All plants release a substantial fraction of the carbon they assimilate via photosynthesis as root exudates into the soil, an input that significantly shapes soil microbial processes. Root exudates are known to accelerate microbial decomposition of soil organic matter in the so called ‘rhizosphere priming effect’. Rhizosphere priming increases both plant nutrient availability and the release of CO2 from soil to the atmosphere, thereby fundamentally influencing the terrestrial carbon cycle. While the carbon transfer from plants to soil via root exudates has been widely studied, only little is known about a possible transfer of recent carbon from plant to soil microbes via mycorrhizal fungal hyphae exudations. Do mycorrhizal fungi accelerate microbial decomposition of soil organic matter in a similar way to plant roots, by something like a ‘hyphosphere priming effect’? Given that almost 90% of all land plants have associations with mycorrhizal fungi this may be an important, but overlooked pathway for soil priming.
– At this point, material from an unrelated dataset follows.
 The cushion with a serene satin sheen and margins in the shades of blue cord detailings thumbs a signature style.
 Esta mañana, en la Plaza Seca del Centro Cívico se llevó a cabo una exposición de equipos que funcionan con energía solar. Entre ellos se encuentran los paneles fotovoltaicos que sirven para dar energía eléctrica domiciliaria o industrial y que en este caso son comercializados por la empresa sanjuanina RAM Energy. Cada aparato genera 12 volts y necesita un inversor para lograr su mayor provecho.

To assess the possible role of mycorrhizal fungi for soil C and N turnover it is necessary to understand mechanisms of C and N exchange along the possibly tripartite partnership among plants, mycorrhizal fungi and soil bacteria. We are using stable-isotope approaches (i.e. EA-IRMS, GC-IRMS and GC-MS-based measurements of plant, soil and soil microbial communities) to trace the flow of photosynthesized C and soil-added N through the plant-mycorrhiza-soil continuum of young beech (Fagus sylvatica) trees harboring a diverse set of mycorrhizal fungi. We aim to use nano-scale secondary ion mass spectrometry (NanoSIMS) to visualize 13C and 15N flow directly across the plant-fungus interface in mycorrhizal roots, and – in collaboration with collegues from the Division of Microbial Ecology (DOME, Group of Dagmar Woebken: Marlies Dietrich, Raphael Gabriel) - the fungus-microbe interface on fungal hyphae. Within this collaboration, the project also aims to analyse the microbiome associated with mycorrhizal root tips and hyphae.
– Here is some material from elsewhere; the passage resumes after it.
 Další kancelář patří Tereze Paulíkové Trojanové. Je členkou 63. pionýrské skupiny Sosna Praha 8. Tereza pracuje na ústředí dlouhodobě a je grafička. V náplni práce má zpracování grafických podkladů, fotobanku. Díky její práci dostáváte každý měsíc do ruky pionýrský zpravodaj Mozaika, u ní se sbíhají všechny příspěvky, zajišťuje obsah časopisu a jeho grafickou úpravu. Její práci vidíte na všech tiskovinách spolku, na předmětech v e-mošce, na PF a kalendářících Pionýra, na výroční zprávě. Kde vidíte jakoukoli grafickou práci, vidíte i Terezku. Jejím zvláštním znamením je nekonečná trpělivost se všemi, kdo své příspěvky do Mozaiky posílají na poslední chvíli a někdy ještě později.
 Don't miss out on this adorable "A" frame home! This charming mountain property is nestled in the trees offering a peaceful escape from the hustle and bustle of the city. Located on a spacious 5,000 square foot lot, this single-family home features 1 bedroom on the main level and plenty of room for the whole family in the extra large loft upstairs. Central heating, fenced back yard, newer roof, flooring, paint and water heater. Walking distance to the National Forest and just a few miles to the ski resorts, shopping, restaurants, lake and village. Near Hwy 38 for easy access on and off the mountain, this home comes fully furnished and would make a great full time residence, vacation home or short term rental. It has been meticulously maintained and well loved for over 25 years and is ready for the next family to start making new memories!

Light and electron microscopy work, as well as sample preparations for NanoSIMS analysis are carried out at, and supported by the Core Facility for Cell Imaging and Ultrastructure Research/University of Vienna (CIUS), in collaboration with Marieluise Weidinger, Irene Lichtscheidl, and Siegfried Reipert. NanoSIMS analysis is carried out by Arno Schintlmeister.